In accordance with again another feature of the invention, there is 
provided a turntable for rotating the central main mast about a vertical 
axis. 
In accordance with a concomitant feature of the invention, the auxiliary 
devices include supply tanks for the electrolyte fluid and the rinsing 
fluid and associated feed pumps being disposed on the lower end of the 
main mast. 
Other features which are considered as characteristic for the invention are 
set forth in the appended claims. 
Although the invention is illustrated and described herein as embodied in 
an apparatus for electropolishing surfaces, it is nevertheless not 
intended to be limited to the details shown, since various modifications 
and structural changes may be made therein without departing from the 
spirit of the invention and within the scope and range of equivalents of 
the claims.

Referring now to the figures of the drawings in detail and first, 
particularly, to FIG. 1 thereof, there is seen a sectional view of a 
container, vessel or tank 2 to be decontaminated, and a working platform 4 
having a central opening 6 and being mounted on the container 2. A 
turntable 12 is supported through the opening 6 and is rotatable with 
rollers 8, 9 (only two of which are shown) on the working platform 4 about 
an axis of symmetry 10 of the container 2. A central main mast 14 is 
guided on the turntable 12 in such a way that it is displaceable 
perpendicularly to the plane of the platform. The vertical displacement of 
the main mast 14 is effected through a vertical drive mechanism 16 which 
is diagrammatically illustrated in the drawing, by means of a pinion 20 
that meshes with a rack 18 of the main mast. The rotation of the main mast 
14 about the axis of symmetry 10 of the container 2 is effected by a 
horizontal drive mechanism 22 that is secured to the rim of the turntable 
12, by means of a pinion 24 that meshes with a gear ring 26 of the working 
platform 4. A manipulator arm 28 is pivotably supported about a horizontal 
shaft 30 on the lower end of the main mast 14. The pivoted position of the 
manipulator arm is adjusted through a cable drive mechanism 32. An outer 
housing 34 of the apparatus for electropolishing surfaces is secured on 
the manipulator arm 28 to a support arm 36 that is longitudinally 
displaceable on the manipulator arm 28. A deionized water tank 38, an 
electrolyte tank 40, and a respective circulating pump 41, 42 for each of 
the deionized water and electrolyte fluid are secured to the lower end of 
the central main mast 14. Television cameras 44, 45 and a lighting fixture 
46 are secured to the lower surface of the working platform 4 and to the 
lower end of the main mast 14. 
In the view shown in FIG. 2, which is on a larger scale than FIG. 1, the 
outer housing 34 that is retained by means of the support arm 36 on the 
manipulator arm 28, can be seen along with all of its built-in fixtures. 
The outer housing 34 has a cylindrical outline and is closed on all sides, 
except for the side opposite the support arm 36. The rim on the open side 
of the outer housing 34 has a seal 50 facing a surface 48 of the container 
2 to be electropolished A die or plunger 54 is longitudinally displaceably 
supported along the axis of symmetry 52 of the support arm 36, all the way 
through both the support arm 36 and the outer housing 34. A sponge 
electrode 56 is supported by means of a ball joint 58 on the forward end 
of the die 54, in such a way as to be pivotable in two dimensions.
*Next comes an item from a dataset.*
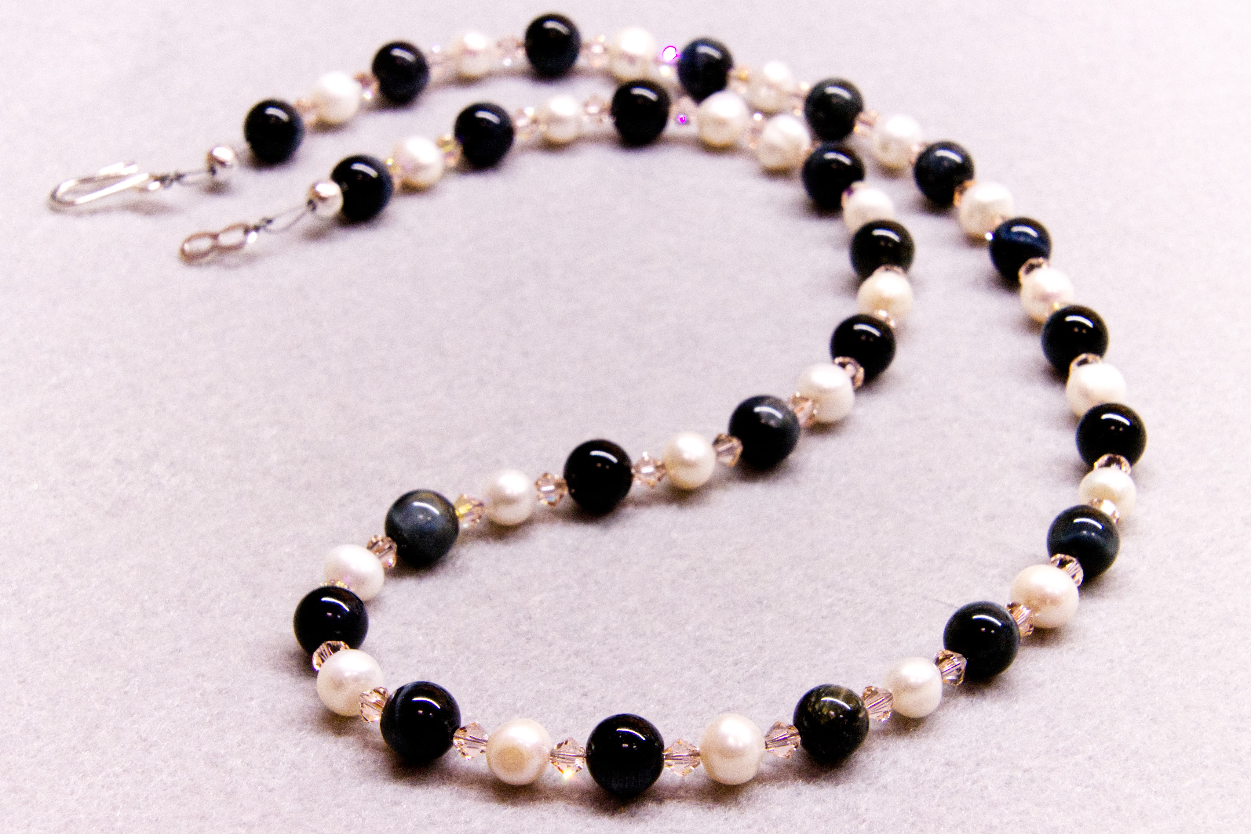 Deep blue tiger eye, creamy pearls and Swarovski crystals. Swarovski is no longer making crystal beads. I do have a stash of Swarovski crystals, but once they are gone, I can’t get any more.

A 
somewhat smaller inner housing 60 is longitudinally displaceably supported 
on the die 54 between the sponge electrode 56 and the outer housing 34. 
This inner housing 60 is likewise closed on all sides, except for a side 
facing the surface to be electropolished. In the exemplary embodiment, the 
cross section of the housing 60 is again cylindrical, and it is supported 
with an extensively pierced annular bead 61 on the inner wall surface of 
the outer housing 34. An encompassing seal 62 is likewise attached to the 
rim of the inner housing 60 and can be made to engage the surface 48 to be 
electropolished. The inner housing 60 as well as the die 54 and the sponge 
electrode 56 are pressed out of the outer housing 34 toward the surface 48 
to be electropolished, through the use of a spring 64 which is drawn or 
folded over the die 54. The spring 64 is supported at one end on the inner 
housing 60 and at the other on the outer housing 34. A further spring 68 
is fastened between the outer housing 34 and the manipulator arm 28 and 
presses the outer housing 34 away from the manipulator arm. 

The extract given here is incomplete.